Getting rid of pooling. Many people dislike the pooling operation and think that we can get away without it. For example, Striving for Simplicity: The All Convolutional Net proposes to discard the pooling layer in favor of architecture that only consists of repeated CONV layers. To reduce the size of the representation they suggest using larger stride in CONV layer once in a while. Discarding pooling layers has also been found to be important in training good generative models, such as variational autoencoders (VAEs) or generative adversarial networks (GANs). It seems likely that future architectures will feature very few to no pooling layers.

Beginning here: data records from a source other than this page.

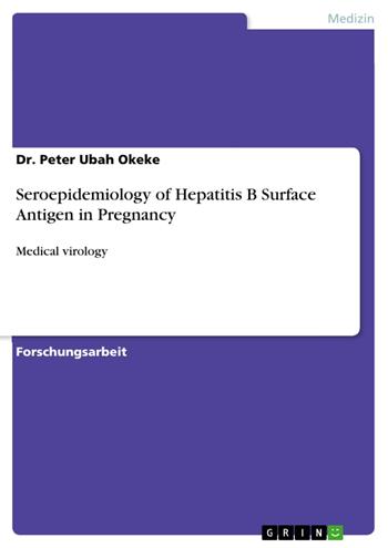 Forschungsarbeit aus dem Jahr 2012 im Fachbereich Medizin - Innere Medizin, ( Atlantic International University ) (School of Science & Engineering), Veranstaltung: Health Science, Sprache: Deutsch, Abstract: A total of 83 pregnant women of Porto Novo were studied for HBsAg infectivity within the time period of 26th July to 30th August, 2012, during their first visit to the antenatal section- Hospital of Porto Novo. The age of the pregnant women studied range from 15 years to 46 years old. The results of 1.2% were reported for HBsAg positivity among pregnant women of multigravid. They values of transaminase recorded at various stages were not statistically significant. In conclusion, immunization of all infants, education of the general public and healthcare providers, and more research studies, among others, were advised for the elimination of hepatitis B virus infectivity in this region.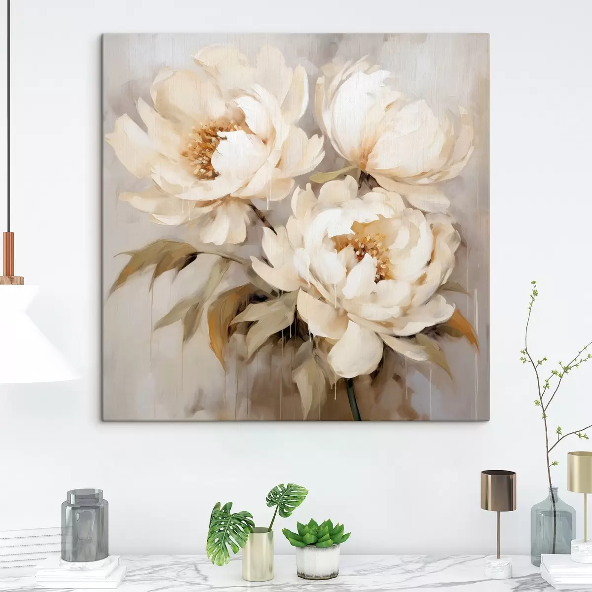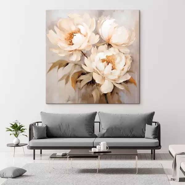 Maalid Õrnad pojengid neutraalsetes toonides abstraktses maalimisstiilis Nr s43387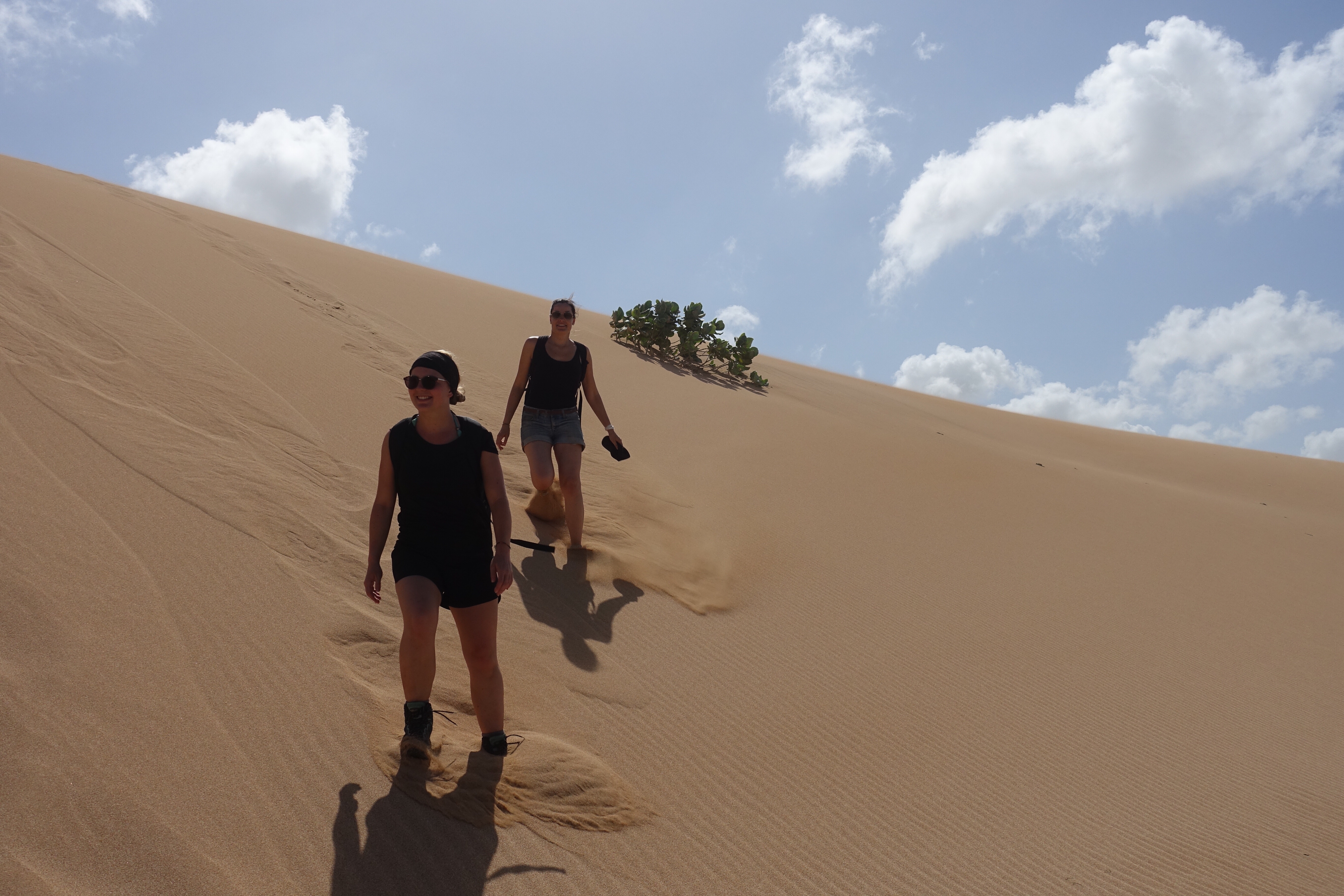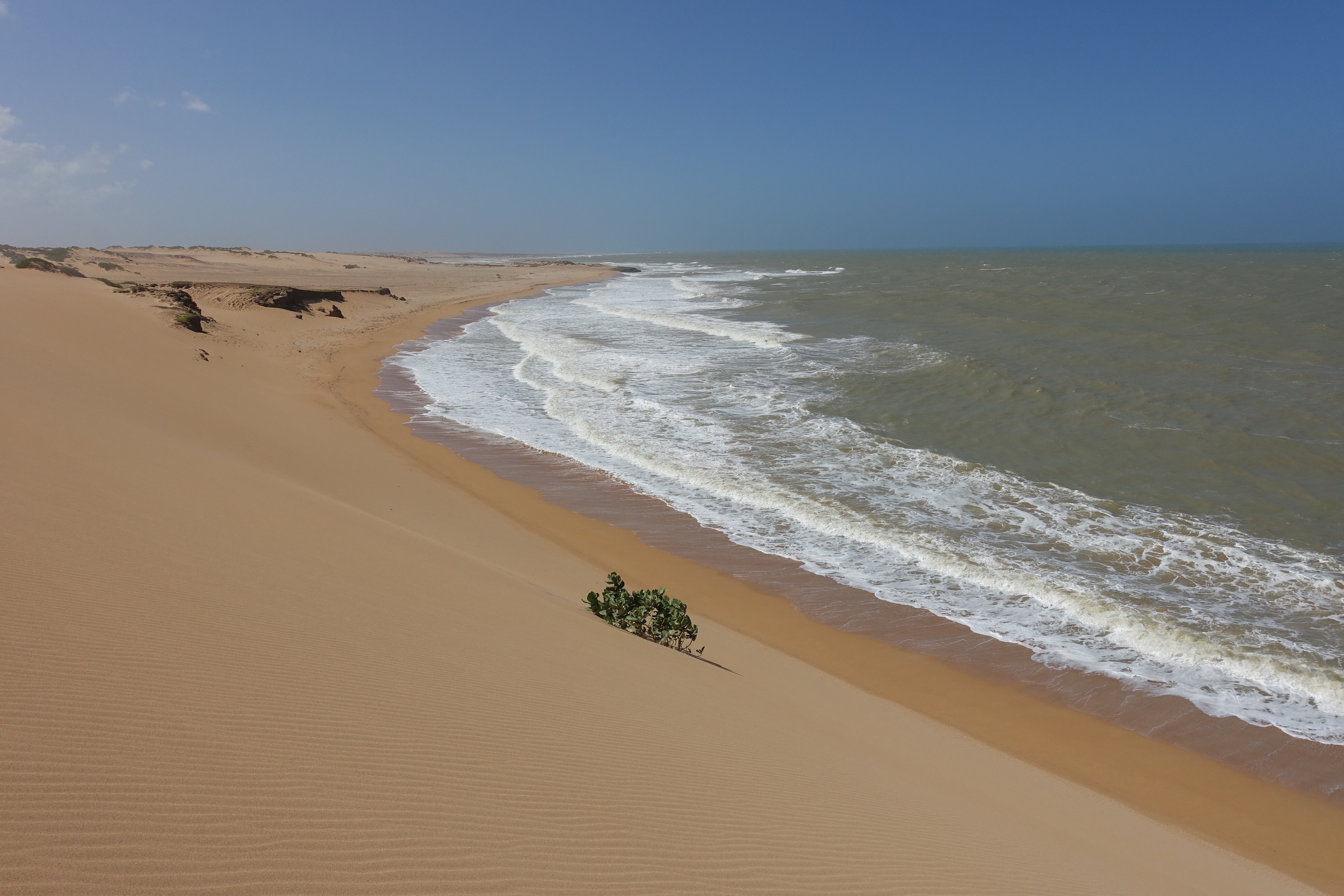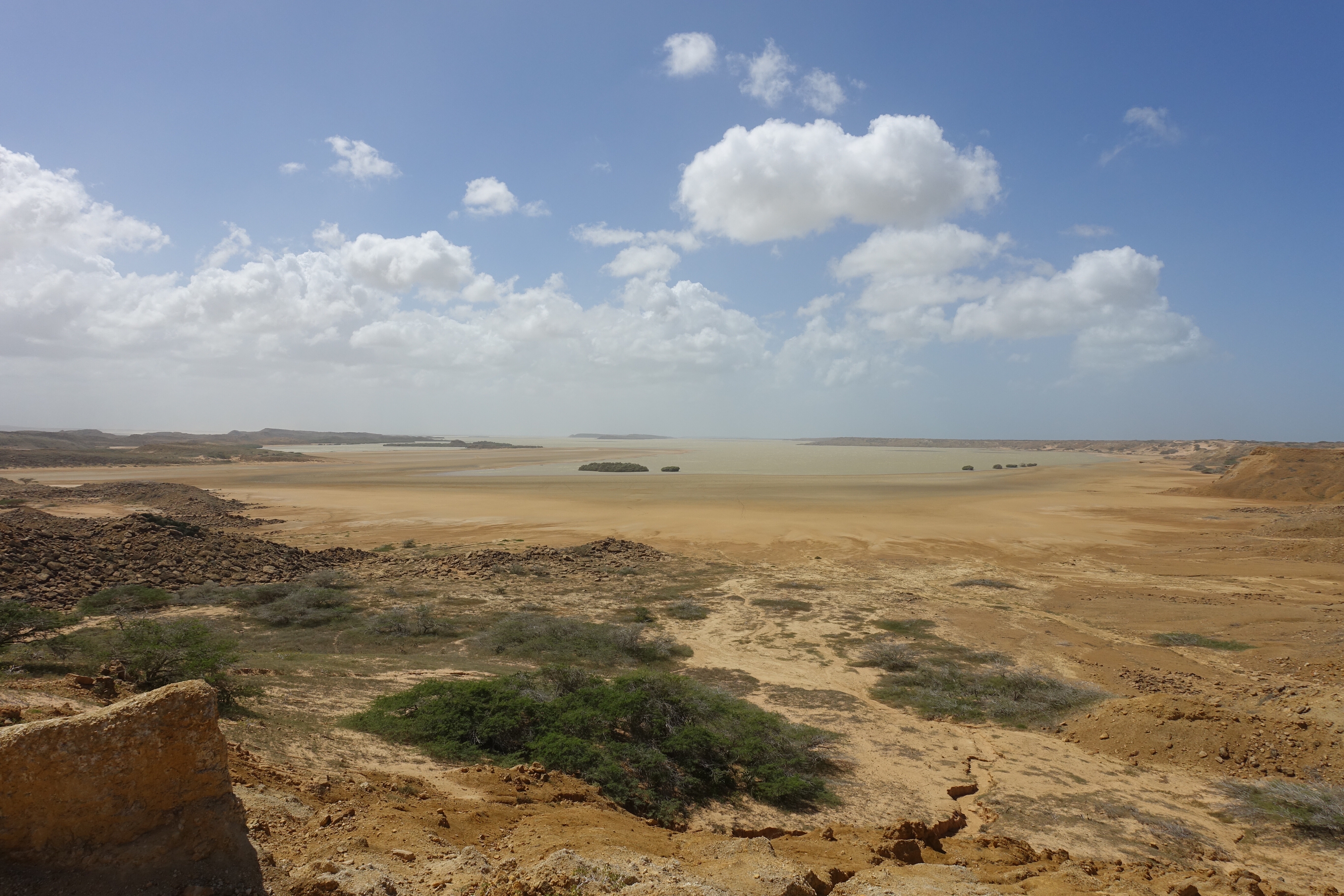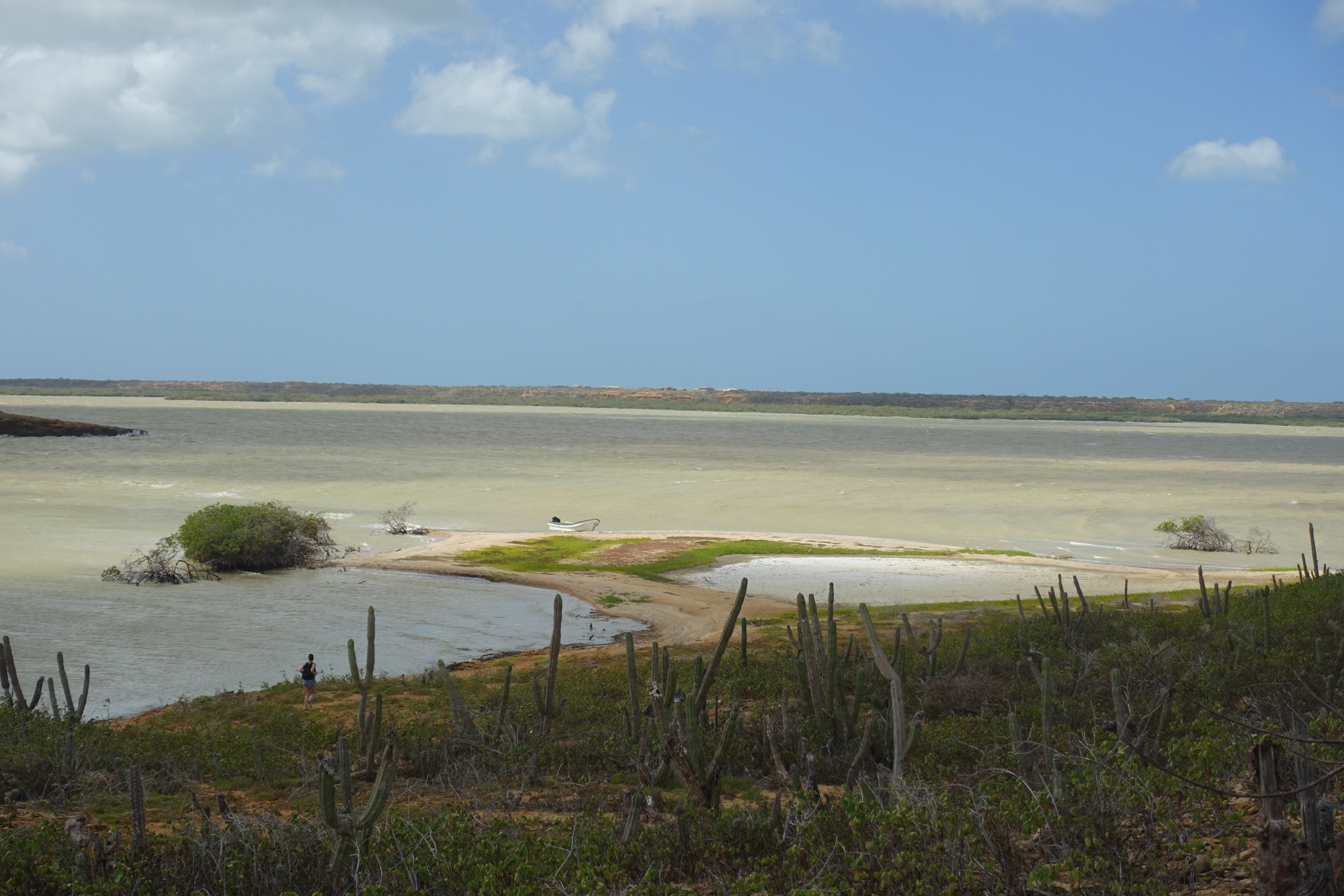 28 janvier: nous voilà listos pour atteindre notre dernier but: la Punta Gallinas, le point le plus au nord de la Colombie et de l’Amérique du Sud. C’est en jeep, à travers le désert que nous entamons le trajet de bonne heure après un petit tinto! Le soleil se lève durant le voyage et le paysage se dessine doucement derrière les branches d’arbres et les nombreux cactus. Puis une lancha nous attend pour nous amener là où nous logerons… ou… c’est plutôt nous qui l’attendons! Nous arrivons dans un environnement désertique où la nature est surprenante et très diversifiée. Le plateau, les dunes de Taora, les falaises rocheuses sortant de la mer ainsi que les racines de mangroves forment un tableau extraordinaire qui démontre la richesse et la variété des paysages que la Colombie recèle.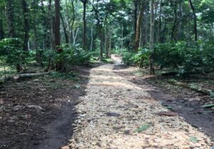 coconut tree with fruits on it. The trails are not suitable for strollers. Pls use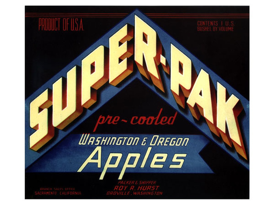 This seldom seen crate label measures 10” Wide x 9” High and is in mint condition. The label was for crates of Washington and Oregon Apples and dates back to the 1940s. I think its interesting that the apples were “pre-cooled”, even though they road East in non-refrigerated train cars. These apples were picked, packed, and shipped by Roy R. Hurst of Oroville, Washington. They also had a branch sales office in Sacramento, California.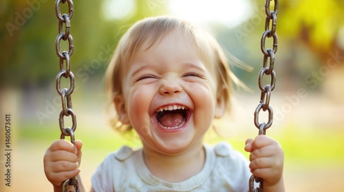 A laughing kid playing on a swing in a sunny park./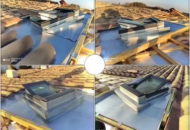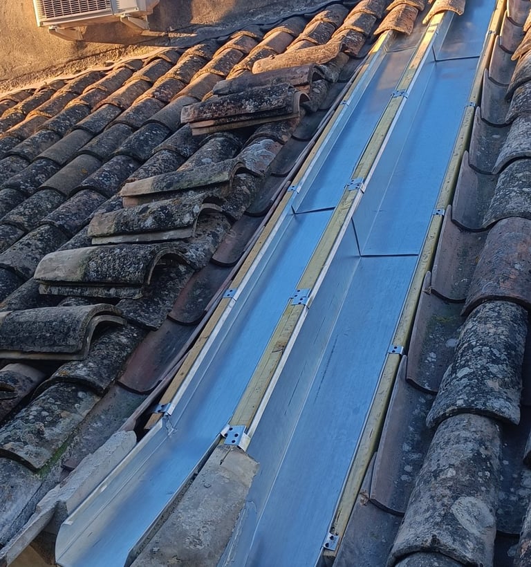 Réparation d'un raccord présentant un défaut d’étanchéité entre deux toitures de pentes différentes.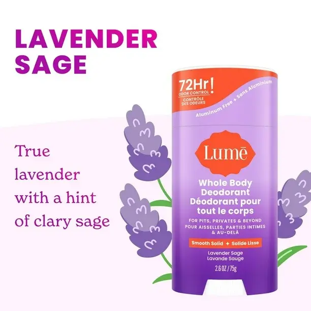 - LAVENDER SAGE. Lume’s original signature scent combines soothing lavender with a hint of clary sage. It’s a classic! Our Smooth Solid glides on smoothly anywhere you want to control odor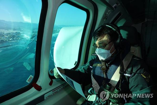 (동해=연합뉴스) 강성기 동해지방해양경찰청장이 14일 강원도 내 연안해역 해상치안 상황점검을 위해 항공순찰을 하고 있다.

Barak Pearlmutter gave a talk about automatic differentiation and a really fast system called vlad that I think runs on stalin. Pretty impressive speed! Following up later he did add:

keep in mind that if all your computations are actually array operations on the GPU, which takes all the time, then the overhead of the AD system might not really matter since it's just scheduling the appropriate derivative-computing array operations on the GPU.

The next day Ryan Adams gave a talk on the same topic at the AutoML workshop featured a Python autograd package that seemed to have some of the features (closure, for example) as vlad.

Everybody loves automatic differentiation!

I was briefly at the Workshop on On-Device Intelligence but ended up wandering.

I visited the Data-Efficient Machine Learning workshop and saw Gelman's amusing talk called Toward Routine Use of Informative Priors.

I spent some time at the Machine Learning Systems workshop.

Unfortunately I missed Yangqing Jia's Towards a better DL framework: Lessons from Brewing Caffe.

I did see Design Patterns for Real-World Machine Learning Systems, at which I was impressed at the number of named machine learning design patterns at Netflix.

I closed out the conference at the AutoML workshop. Of possible interest in connection with this topic is a recent DARPA effort.